## What needs to be done
Would you return exactly the lines below from the line with "Teraz łatwiej przenieść" through the line with "В прямоугольном треугольнике", both included, and nothing else, leaving out the pictures?
▼
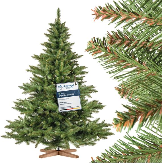 "Der künstliche Weihnachtsbaum FairyTrees FT14 ist inspiriert von der klassischen Form der Nordmanntanne und besticht durch sein elegantes, leicht tailliertes Design. Diese künstliche Nordmanntanne überzeugt durch ihre harmonischen Zweig-Etagen, die dem Baum eine natürliche Optik verleihen und ihn sehr realistisch wirken lassen. Der Weihnachtsbaum künstlich 180 cm ist nur eine von vier Größen, die FairyTrees FT14 anbietet – neben 120 cm, 150 cm und 220 cm. So lässt sich der Baum ideal an verschiedene Raumgrößen anpassen, ob als zentraler Blickfang in großen Wohnzimmern oder als charmante Dekoration in kleineren Räumen. Die Proportionen bleiben bei allen Varianten ausgewogen, und das dunkle Tannengrün unterstreicht den festlichen Charakter. Die starken Zweige sind so konstruiert, dass sie sowohl leichte als auch schwere Dekorationen sicher tragen. Dadurch eignet sich der künstliche Weihnachtsbaum für vielfältige Schmuckideen. Die gut strukturierten Zweig-Etagen ermöglichen ein einfaches und ästhetisches Anbringen der Ornamente. Der Tannenbaum FT14 ist zudem besonders einfach aufzubauen. Im Lieferumfang sind praktische Zubehörteile sowie Handschuhe und eine klare Anleitung enthalten, die das Dekorieren schnell und unkompliziert machen. Die Montage ist intuitiv und für jeden machbar. Für die Stabilität sorgt ein hochwertiger Ständer aus massivem Holz. Dieses natürliche Material stärkt nicht nur die Konstruktion, sondern verleiht dem Baum eine elegante Note, die perfekt mit dem dunklen Grün harmoniert. Die Nordmanntanne wirkt dadurch authentisch und stilvoll. Der Tannenbaum FT14 gehört seit Jahren zu den FairyTrees-Bestsellern. Seine klassische Form, stabilen Zweige und der einfache Aufbau machen ihn zur beliebten Wahl für alle, die einen langlebigen und stilvollen Weihnachtsbaum suchen. Dunkles Tannengrün, ausgewogene Proportionen und ein robuster Ständer machen dieses Modell zum Mittelpunkt festlicher Dekorationen – in Hunderten von Haushalten!"
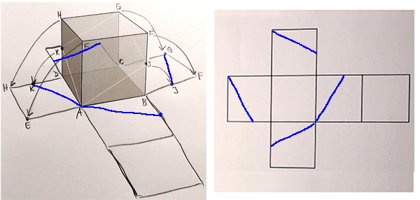 Teraz łatwiej przenieść na siatkę poszczególne białe odcinki, ale jeśli nadal wyobraźnia płata figle, to można podpisać kluczowe punkty na sześcianie i rysując odręczne łuki zobaczyć gdzie trafią po rozłożeniu sześcianu.
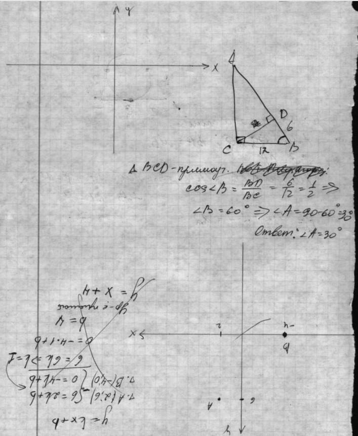 В прямоугольном треугольнике ABC с прямым углом C проведена высота CD. Найдите величину угла A, если DB = 6, а BC =12.
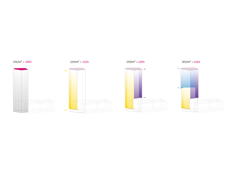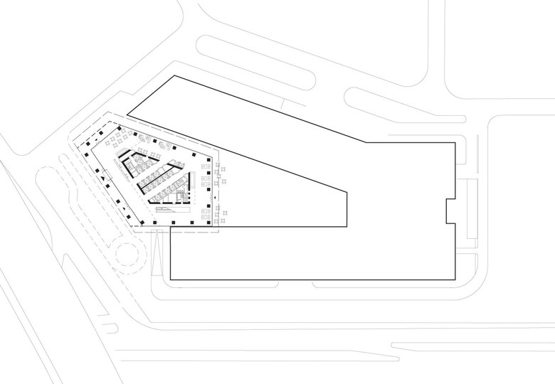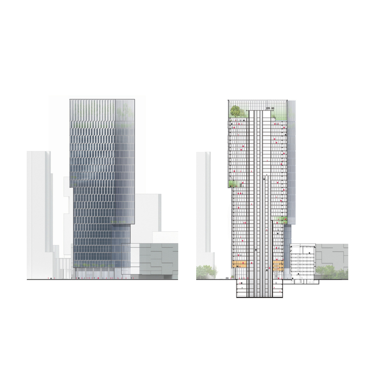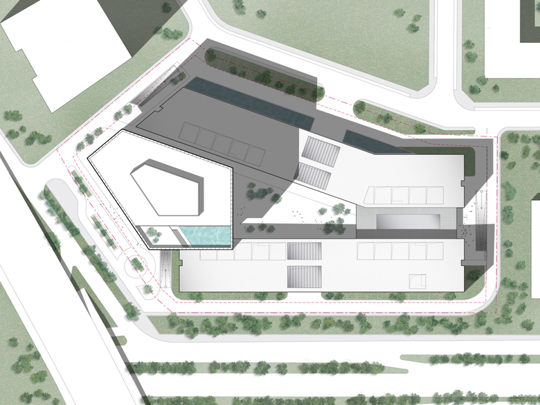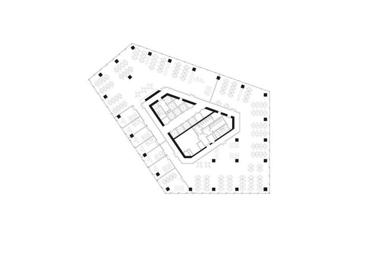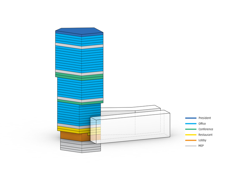 A glazed tower will form the central building for the new headquarters. The tower‘s prominent position and 44-storey height will make the building an urban design landmark. An irregular pentagon in plan, the building makes optimum use of the available ground between two existing nine-storey blocks. The high-rise will reach up to three different heights and maintain a sculptural grace, whilst allowing the conference floor levels to project out from different sides of the building. Through this multifaceted geometric form, the new tower will integrate smoothly into the existing ensemble of office blocks. The tower’s fully glazed three-storey atrium presents an open entrance. It welcomes visitors and employees into the spacious and prestigious foyer, which is also perceptible from the outside. The lifts in the central circulation core transport passengers throughout the building and between flexibly designed office areas. The tower’s column grid and reinforced concrete core, which aligns with the pentagonal layout in plan, form an effective loadbearing structure. The column grid is staggered for the technical floors, which are located beneath the conference floor projections. The façade design strikes an optimum balance between outward visibility and solar shading, whilst the pattern and the degree of transparency of the building envelope also take into account incoming solar radiation and the established room schedule. The public space, located within the projections, enjoy maximum transparency and unobstructed outward views through the generous, flat-windowed surfaces. The shape and proportion of opaque façade elements for the office storeys are a designed response to solar radiation and provide shading for interior spaces. The office areas are thereby appropriately protected from the sun in the challenging tropical urban environment.
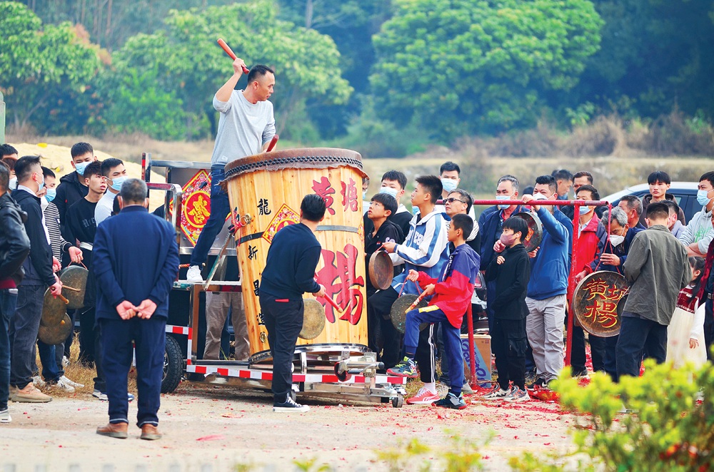 “震鼓獵龍一般選在正月新年的某一天,由村里的男丁將大鼓和銅鑼運(yùn)到野外的小山丘,等到約好的時(shí)辰開(kāi)始敲鑼打鼓,同時(shí)一路燃放鞭炮往回趕。”龍華大鼓的非遺傳承人李滿池介紹,“獵”在客家話中有“趕”的意思,“獵龍”就是到山上將龍當(dāng)作牛馬羊趕回去,鑼鼓聲起著驅(qū)趕作用。一般一個(gè)宗族如果一年來(lái)沒(méi)有添男丁,就會(huì)組織獵龍活動(dòng)。
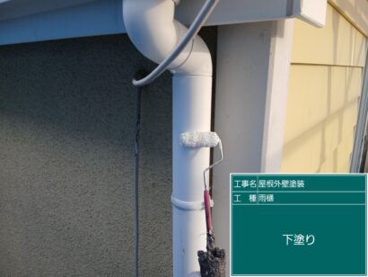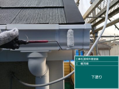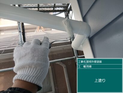 雨といは横雨といと縦雨といがあり、塩化ビニール素材が多く基本2回塗りをします。しっかり目粗ししてから塗装していきます。
▲
## Answer to this problem
 Teraz łatwiej przenieść na siatkę poszczególne białe odcinki, ale jeśli nadal wyobraźnia płata figle, to można podpisać kluczowe punkty na sześcianie i rysując odręczne łuki zobaczyć gdzie trafią po rozłożeniu sześcianu.
 В прямоугольном треугольнике ABC с прямым углом C проведена высота CD. Найдите величину угла A, если DB = 6, а BC =12.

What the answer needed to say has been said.